Cloud storage now offers alternatives to traditional on-premise storage devices. Storage-as-a-Service offerings, such as Dropbox, and infrastructure services, such as Amazon S3, now enable virtually unlimited storage capacity, with most of the physical maintenance details hidden from the user. Cloud storage services can also be matched more dynamically to their intended use – keeping records for a short term, for example, or storing unstructured blocks of data to long-term archival retention.

Recently, the Cloud Native Computing Foundation (CNCF) announced an open source software-defined storage project based on Rook. According to the github description, “Rook is an open source orchestrator for distributed storage systems running in cloud native environments. Rook turns distributed storage software into a self-managing, self-scaling, and self-healing storage services. It does this by automating deployment, bootstrapping, configuration, provisioning, scaling, upgrading, migration, disaster recovery, monitoring, and resource management. Rook uses the capabilities provided by the underlying cloud-native container management, scheduling and orchestration platform to perform its duties.” This seems like a very impressive step forward from basic disk arrays.

Distributed storage challenges

One of the biggest challenges for storage systems is to store Big Data. Discussions of Big Data often reference a list of  descriptors that all start with a ‘V’, which also must be addressed by storage systems. One set of V’s, described by Bernard Marr in a LinkedIn article, are:

Volume – the amount of data to be stored; storage expansion is continuous and accelerating with no apparent end; however, not all data can or should always be stored in the same location

Velocity – the speed at which the data is collected, transferred and analyzed; processing all the data can be a challenge for systems that may involve realtime control decisions

Variety – a measure of the types and formats of data to be handled; multimedia services include various combinations of voice, video, photos, email, messages, scans, sensor readings, alarms, location data, and more. Storage device characteristics can vary, and distribution may require orchestration of data across multiple locations

Veracity – refers to the validity and trustworthiness of the data; security, privacy, integrity, reliability, source certification and acceptable use all present challenges both within and among enterprises, especially when storage of linked data is required

Value – always a consideration when potentially expensive IT resources are involved; data must be worth storing, especially when archived and not used frequently. Knowing what data is valuable and where to store it is a challenge.

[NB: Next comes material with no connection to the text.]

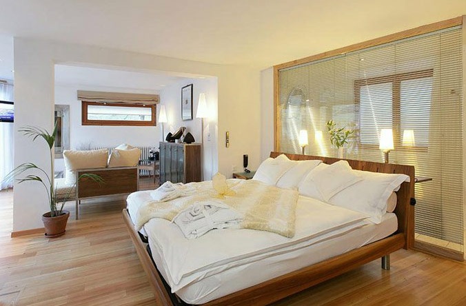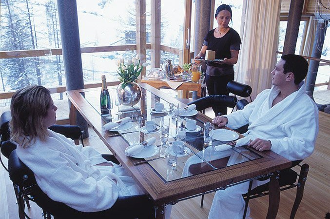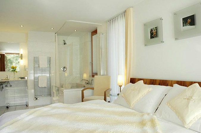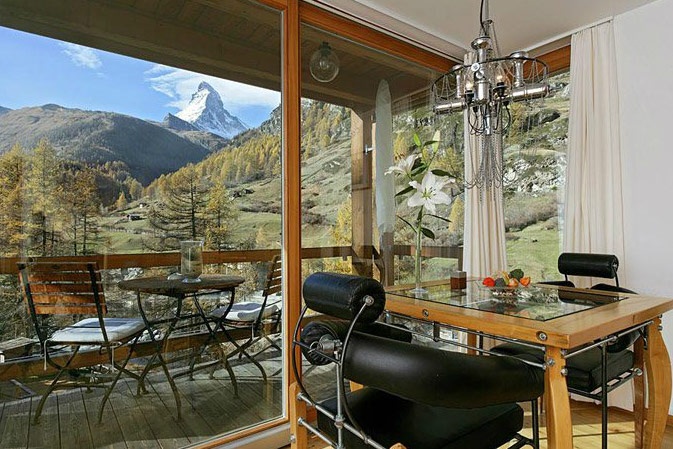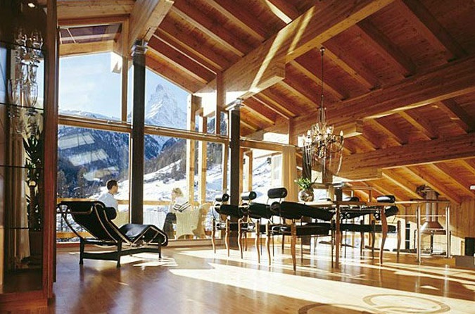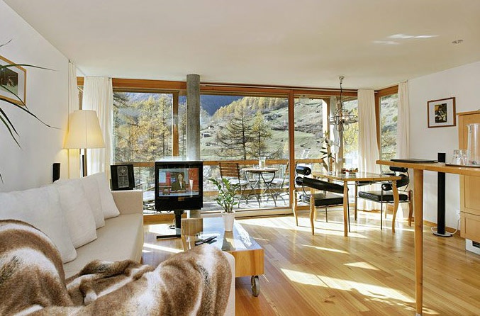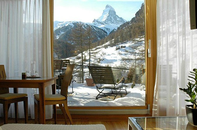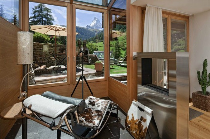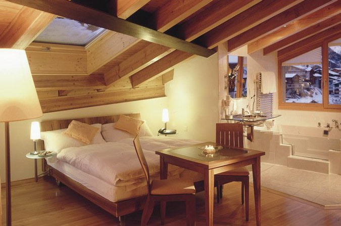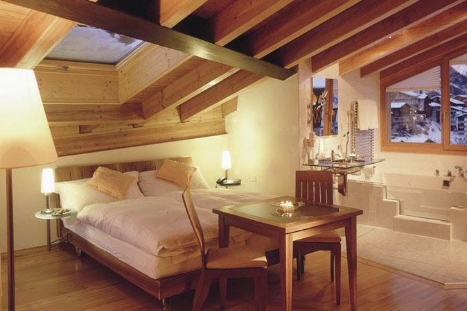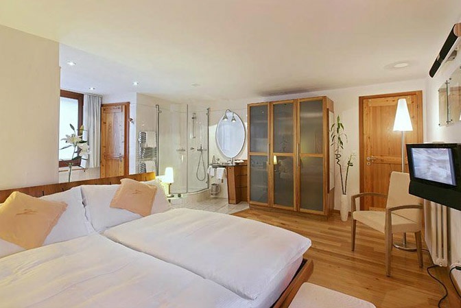 Просторные, залитые натуральным светом номера выполнены в современном дизайнерском стиле, обставлены элегантной мебелью, выдержаны в светлых тонах и отделаны натуральной светлой лиственницей. Из панорамных, во всю стену окон и с балконов, выходящих на южную сторону, открывается дивный вид на живописные альпийские склоны и величественный пик Маттерхорн.

There are, of course, many other technical considerations. For example, using a mix of solid state drives, removeable storage, locally-attached hard drives, network-based hard disk arrays and bulk tape storage can present compatibility and performance challenges. When augmented and virtual reality become widespread, physical objects will be closely aligned with their data object proxies, which may move with the physical objects, much like a smartphone today moves with its human user.

The bottom line

The next generation of storage systems for digital transformation will need to be capable of addressing the needs of data-intensive applications, widely distributed, inter-connected and integrated. Storage is now and will be widely distributed across multiple owners and will function as a fundamental platform component for the ecosystem (much like networking is today). In this environment, data storage cannot be fully centralized.

Distributed data must also be managed effectively to avoid massive duplication, to optimize accessibility and findability, and to ensure equal levels of protection and safety across many different environments. Without distributed storage management, it may be difficult to ever find Waldo!